The U.S. added 209,000 jobs in July, less than anticipated but further evidence that the U.S. labor market is holding onto momentum after years of fits and starts following the 2008 financial crisis and deep recession that followed.

It was the sixth month in a row with job gains of more than 200,000. July’s headline unemployment rate was 6.2%, according to figures released Friday by the U.S. Labor Department, up from 6.1% in June.

The higher unemployment rate is a sign that more people are returning to the workforce.

“U.S. job creation remained robust in July as the strong economic upturn seen in the second quarter looks to have spilled over into the third quarter. However, with companies reporting growing uncertainties to the business outlook, it’s perhaps not surprising that the rate of job creation is showing sign of cooling and could continue to ease in coming months,” said Chris Williamson, chief economist at research firm Markit.

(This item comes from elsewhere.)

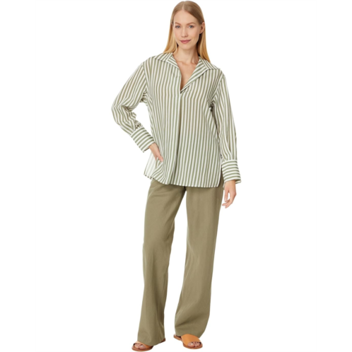 Exhibit your classic look donning the Vince Coast Stripe Shaped Collar Pullover. This relaxed-fit shirt features allover stripe print design, collared V-neckline, and long sleeves with buttoned cuffs.

Economists had predicted 233,000 new jobs last month and that the unemployment rate would hold steady at 6.1%.

Friday’s modest labor data, following a string of recent strong gains – the economy added 298,000 jobs in June -- will likely fuel the growing debate over the timing and trajectory of interest rate hikes.

“Any talk about a healthy recovery regarding jobs hit a brick wall today, and the numbers will certainly be a rallying cry for Bears and Pessimists on Wall Street.  Despite the promising data received on the backwards looking GDP, the forecast for the second half of the year is dismally sensitive,” said Todd M. Schoenberger, president of J. Streicher Asset Management LLC.  “The economy still has a long way to go before Americans can even dream about being comfortable again.”

The Federal Reserve is using labor market data as one of several economic indicators to determine when to start raising rates from the near-zero range where they’ve sat since December of 2008. Inflation is another key indicator, and the two data sources go hand in hand.

Analysts say Fed policy makers are looking at more than the number of monthly job gains and the headline unemployment rate as they determine future monetary policy. Indeed, even as the job gains have grown and the unemployment rate has tumbled in 2014, Fed Chair Janet Yellen has cited “slack” in the labor markets as justification for keeping interest rates low at least well into 2015.

Stagnant wages and average weekly working hours have crimped paychecks, curbing demand for goods and keeping inflation below the Fed’s target rate of 2%. Inflation has ticked higher in recent weeks, a factor noted on Wednesday in the Fed’s statement following its July meeting, but the central bankers gave no indication they’re ready to raise rates sooner rather than later.

In July, the average workweek for nonfarm workers was 34.5 hours for the fifth straight month. The manufacturing workweek decreased by 0.2 hour in July to 40.9 hours, and factory overtime edged down by 0.1 hour to 3.4 hours, according to the Labor Department. The average workweek for production and nonsupervisory employees on private nonfarm payrolls was 33.7 hours for the fifth consecutive month.

The average hourly earnings for nonfarm employees barely rose by 1 cent to $24.45. Over the past 12 months, average hourly earnings have risen by 2 percent.

As long as wages remain stagnant, putting pressure on consumer prices low and keeping inflation below the Fed’s target rate, analysts remain doubtful that the Fed will shift their timing for rate hikes ahead of the current projected timeline for liftoff of mid-2015.

“If inflation continues to rise, then the Fed’s new language could presage an earlier rate hike than anticipated. But we remain skeptical,” Paul Edelstein, director of financial economics at IHS Global Insight, said ahead of the release of Friday’s numbers. “A critical ingredient for sustainably higher inflation – hourly wage growth – is notably missing. Until we see wage growth firm, we will continue to question whether consumer price inflation will increase much further.”

Edelstein noted that central bankers may have revealed their reluctance to hasten rate hikes in Wednesday’s statement by noting that despite the monthly job gains and the decline in the unemployment rate “a range of labor market indicators suggests that there remains significant underutilization of labor resources.”

In speeches, Yellen has also lamented the large number of jobs lost during the recession that are now being replaced either by part-time or temporary positions, depriving workers of a full-time job with the salary and benefits that go with a full-time position.

Also being closely watched is the labor force participation rate, a key measure of the percentage of Americans currently working. The rate rose slightly in July to 62.9% up from 62.8% a month earlier, but the figure is still at its lowest level in four decades. The employment-population ratio, at 59%, was unchanged over the month but has edged up by 0.3% over the past 12 months.

Analysts want to see these figures moving higher because it means that Americans who lost their jobs in the recent recession are making their way back into the workforce.